Moreover, as this report documents, federal judges typically make much higher salaries than their state court counterparts. So, unless it takes a lot more brain power to be a federal judge, it appears that we also have several dozen "constitutional cris[es]" at the state level.
So the "problem" of judicial pay really hinges on the reference group. Federal judges and most law firm partners and associates have beat inflation by a modest amount, but CLO's and Am Law 50 partners have done much better.
Perhaps it is not surprising that federal judges want to be benchmarked against the highest paid practitioners. But an issue that deserves equal attention is the eroding earning power of solo and small firm practitioners, most of whom would be thrilled with the pay, benefits, and security of being a federal judge.
In Chicago Lawyers (1982), Jack Heinz and Edward Laumann noted that "[h]istorically, the gap between the earnings of the highest and lowest paid practitioners is larger in the legal profession than in any of the other professions." When they replicated their study twenty years latter, structural changes in the market for legal services had widened this gap. Big law firm partners enjoyed large pay increases. But the earnings of most lawyers were remarkably flat. Here are some startling statistics culled from Urban Lawyers [aka Chicago Lawyers II] (2005):
- In 1975, the median income of a solo practitioner in the Chicago sample was $99,159 (in 1995 dollars).

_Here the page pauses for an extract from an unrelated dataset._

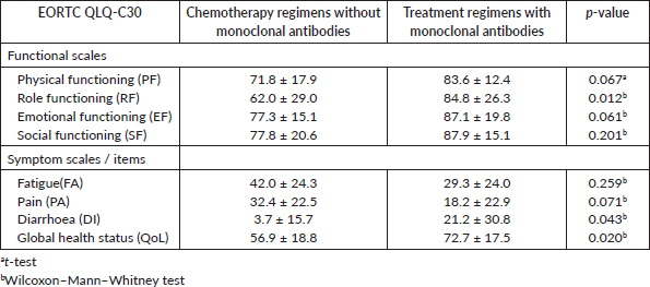 Table 8. Mean ± standard deviation of EORTC subscales QLQ-C30 for the group of patients treated with chemotherapy regimens without monoclonal antibodies and patients performing treatment regimens with monoclonal antibodies and p-values, both groups without depression.

By 1995, this figure had plummeted to $55,000.
- In 1975, only 2 percent of the solo practitioners were working a second job compared to 32 percent in 1995.
The issue of low lawyer pay is not confined to solo practitioners in Chicago. In Indiana (Chief Justice Robert's home state) in 2002, 74.9% of lawyers in practice practice made less than $125,000 per year. See Report on 2003 Membership Survey, RES GESTAE (Jan/Feb 2004), at 9. Arguably, this low level of pay poses a "direct threat to [lawyer] independence" vis-a-vis clients.

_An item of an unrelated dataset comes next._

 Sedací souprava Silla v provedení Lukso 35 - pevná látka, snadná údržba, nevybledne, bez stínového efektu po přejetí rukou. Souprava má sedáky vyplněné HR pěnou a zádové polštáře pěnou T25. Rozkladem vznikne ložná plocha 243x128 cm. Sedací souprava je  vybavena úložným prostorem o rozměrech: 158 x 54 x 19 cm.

Under the current federal pay scale, district and appellate judges working in large metropolitan areas will likely live in smaller homes or endure longer commutes. And the Judge's kids may have to apply for loans to pay for college or law school, including federal Stafford loans, which are the lifeblood of higher education. In other words, their problems will be more like 98% of the American electorate, albeit still very much at the high end.
Why is this a "constitutional crisis"? Some of us might call it "sensible policy."